Your instructions ▸ Would you retype the line that contains "World Globe Map" and all lines following it to the end of the entries below, exactly and without pictures?

Data items ▸
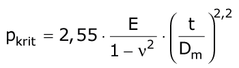 Cheney [Chene71] untersuchte wie Glock das Beulverhalten eines von einer starren Ummantelung umschlossenen Ringes unter Außendruck unter der Voraussetzung linear elastischen Werkstoffverhaltens. Seine Analyse erfolgte in Anlehnung an die Stabilitätstheorie des Bogenträgers [Timos61] [Guice94c] . Für kleine Verhältnisse t/Dm ergibt sich der kritische Beuldruck demnach zu:
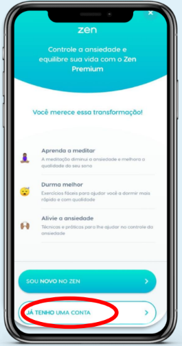 Na tela inicial do aplicativo, clique na opção “JÁ TENHO UMA CONTA”.
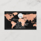 World Globe Map Travel Agency Copper Rose Black Business Card
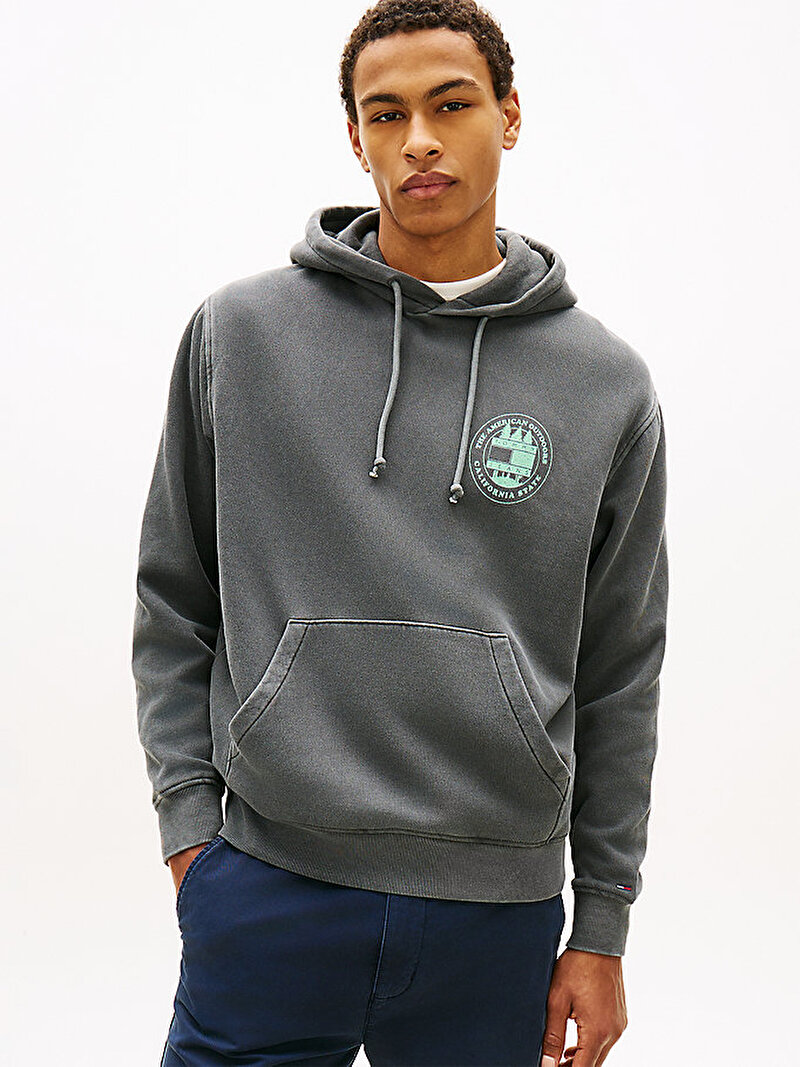 Yıkanmış yüzeyiyle yaşanmış eskitilmiş bir görünüm ve his sunan bu kapüşonlu sweatshirt, sırtındaki ilham veren marka sloganıyla tamamlanıyor.
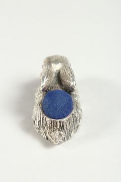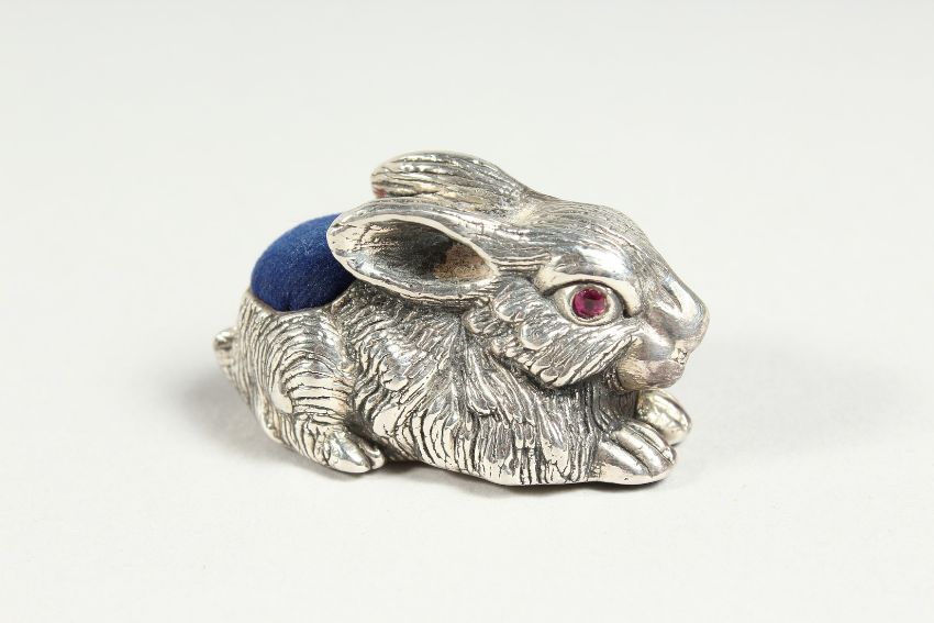 A LARGE SILVER RABBIT PIN CUSHION

Exercise answer ▸
 World Globe Map Travel Agency Copper Rose Black Business Card
 Yıkanmış yüzeyiyle yaşanmış eskitilmiş bir görünüm ve his sunan bu kapüşonlu sweatshirt, sırtındaki ilham veren marka sloganıyla tamamlanıyor.
 A LARGE SILVER RABBIT PIN CUSHION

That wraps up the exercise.